Figure 5
From: Recognition by host nuclear transport proteins drives disorder-to-order transition in Hendra virus V
HeV V adopts a more compact conformation upon exportin-1/RanGTP or importin α2/β1 binding as determined by SAXS analysis. (a) Size exclusion chromatography profiles for the V:exportin-1/Ran-GTP SAXS experiment. Rg values of HeV V, exportin-1/Ran-GTP and the V:exportin-1/Ran-GTP complex were calculated across each peak, with average values of 72.0 ± 0.5 Å, 44.0 ± 0.6 Å and 64 ± 0.2 Å, respectively, shown by horizontal lines. (b) Size exclusion chromatography profiles for the V:importin α2/β1 SAXS experiment.
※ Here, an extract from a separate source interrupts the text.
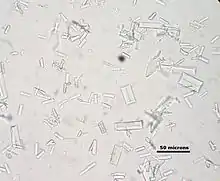 - ↑ MrlabTest - Crystals in urine, Crystalluria. URL: https://www.mrlabtest.com/urinalysis/crystals-urine.htm. Accessed on: December 10, 2021.
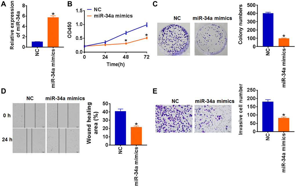 Figure 2. Upregulation of miR-34a inhibits proliferation, migration and invasion in TCP-1 cells. miR-34a mimics and its negative control (NC) was transfected into TCP-1 cells. (A) The expression of miR-34a was determined by qRT-PCR (*p < 0.05). (B) CKK-8 assay was used to examine the cell growth at 0, 24, 48 and 72 h (*p < 0.05). (C) Colony formation assay was used to calculated cell proliferation (*p < 0.05). (D) Wound healing assay was used to detect cell migration (*p < 0.05). (E) Transwell assay was performed to check cell invasive ability (*p < 0.05).

Radius of gyration (Rg) values of HeV V, importin α2/β1 and the V:importin α2/β1 complex were calculated across each peak, with average values of 72.0 ± 0.5 Å, 52.0 ± 0.7 Å and 85.0 ± 0.6 Å, respectively, shown by horizontal lines. (c) P(r) plots for HeV V, exportin-1/Ran-GTP and the V:exportin-1/Ran-GTP complex. (d) P(r) plots for HeV V, importin α2/β1 and the V:importin α2/β1 complex. Kratky plots show that unlike (e) exportin-1/Ran-GTP and (f) importin α2/β1, V shows no globular fold. Some lack of structure is retained in the V:exportin-1/Ran-GTP and V:importin α2/β1 complexes.